_Source data_
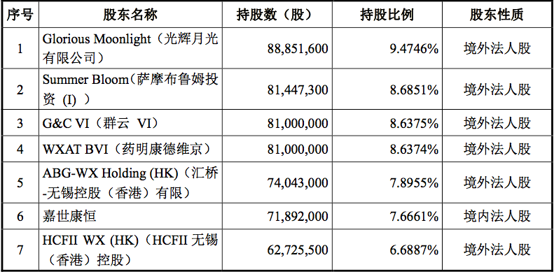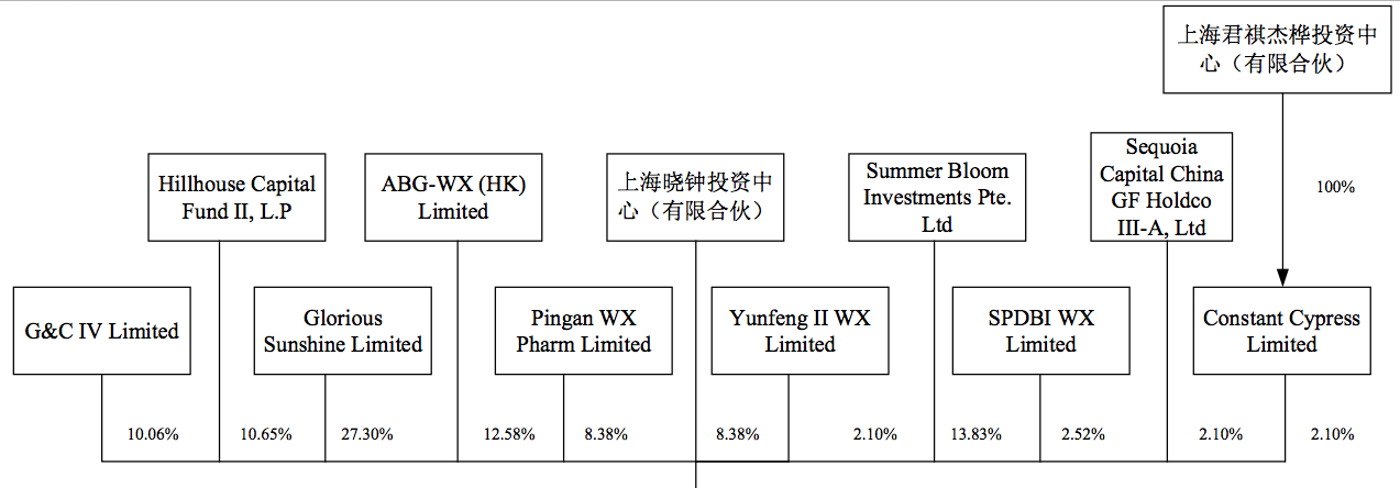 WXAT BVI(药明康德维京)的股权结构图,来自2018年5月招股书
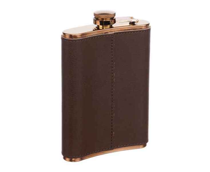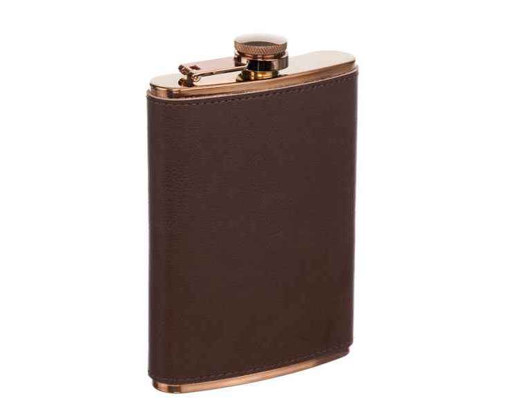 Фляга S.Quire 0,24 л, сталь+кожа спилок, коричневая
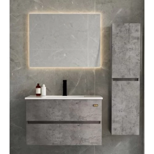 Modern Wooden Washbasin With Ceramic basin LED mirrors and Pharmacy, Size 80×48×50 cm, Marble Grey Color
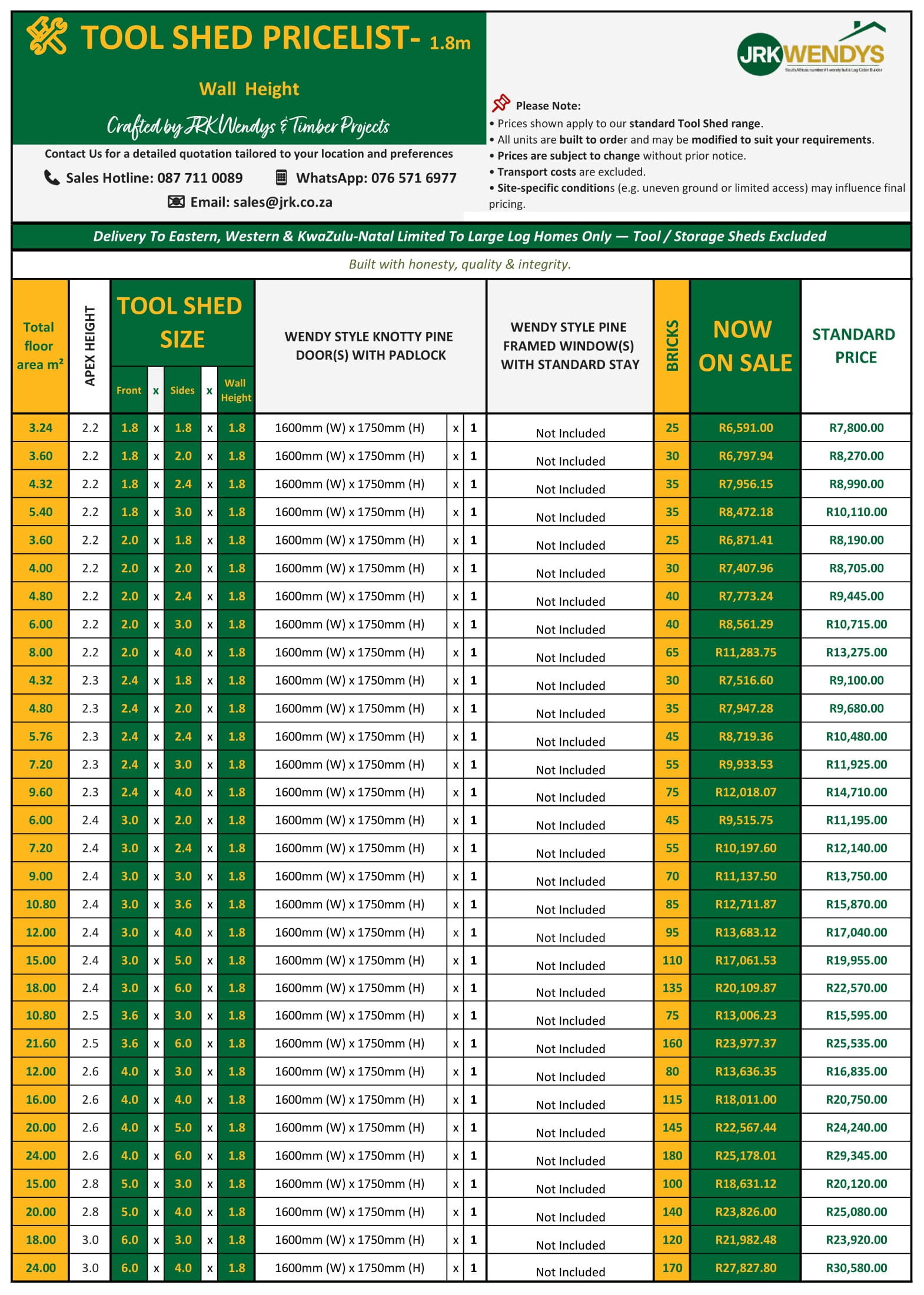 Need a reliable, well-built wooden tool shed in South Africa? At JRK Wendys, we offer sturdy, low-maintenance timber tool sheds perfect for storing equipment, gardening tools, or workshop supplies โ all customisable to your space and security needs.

_Task brief_
Write out the whole listing exactly, and drop the pictures.

_Result for this exercise_
 WXAT BVI(药明康德维京)的股权结构图,来自2018年5月招股书
 Фляга S.Quire 0,24 л, сталь+кожа спилок, коричневая
 Modern Wooden Washbasin With Ceramic basin LED mirrors and Pharmacy, Size 80×48×50 cm, Marble Grey Color
 Need a reliable, well-built wooden tool shed in South Africa? At JRK Wendys, we offer sturdy, low-maintenance timber tool sheds perfect for storing equipment, gardening tools, or workshop supplies โ all customisable to your space and security needs.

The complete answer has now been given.